# DATA BLOCK
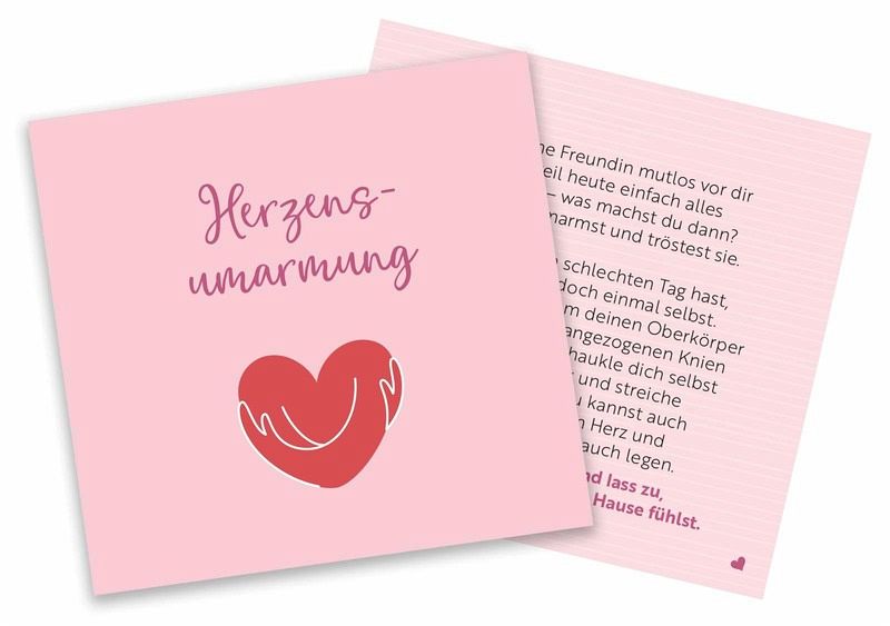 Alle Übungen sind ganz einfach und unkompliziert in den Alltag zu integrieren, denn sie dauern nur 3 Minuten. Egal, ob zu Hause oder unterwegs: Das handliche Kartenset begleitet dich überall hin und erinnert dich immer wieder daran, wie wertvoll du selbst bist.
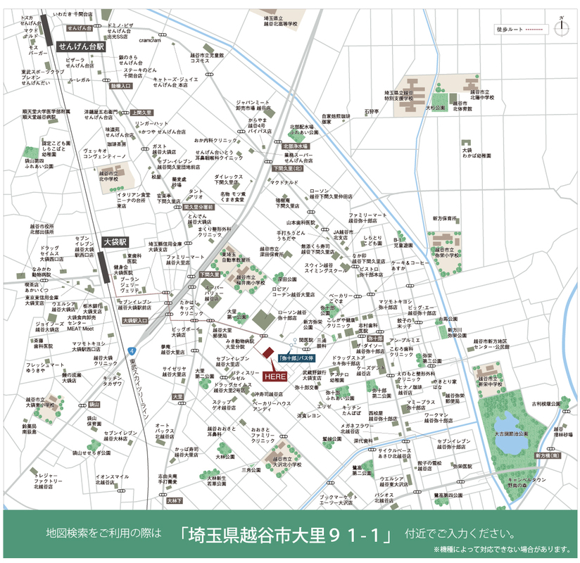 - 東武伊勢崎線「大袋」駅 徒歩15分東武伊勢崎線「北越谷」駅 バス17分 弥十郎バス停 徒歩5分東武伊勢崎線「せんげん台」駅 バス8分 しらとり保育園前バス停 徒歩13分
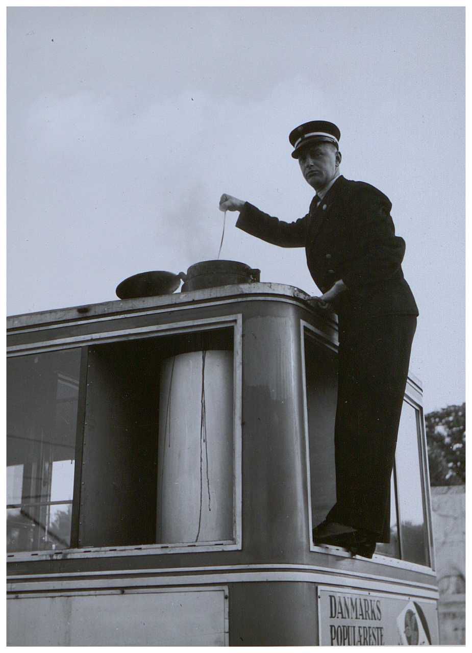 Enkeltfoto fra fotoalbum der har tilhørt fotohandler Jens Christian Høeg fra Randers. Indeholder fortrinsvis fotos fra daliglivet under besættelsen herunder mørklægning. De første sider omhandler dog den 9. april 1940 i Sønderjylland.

# TASK DETAILS
Locate the line containing "- 東武伊勢崎線「大袋」駅 徒歩15分東武伊勢崎線「北越谷」駅" in the material above, then repeat it and every later line exactly, with no pictures.

# EXERCISE RESPONSE
 - 東武伊勢崎線「大袋」駅 徒歩15分東武伊勢崎線「北越谷」駅 バス17分 弥十郎バス停 徒歩5分東武伊勢崎線「せんげん台」駅 バス8分 しらとり保育園前バス停 徒歩13分
 Enkeltfoto fra fotoalbum der har tilhørt fotohandler Jens Christian Høeg fra Randers. Indeholder fortrinsvis fotos fra daliglivet under besættelsen herunder mørklægning. De første sider omhandler dog den 9. april 1940 i Sønderjylland.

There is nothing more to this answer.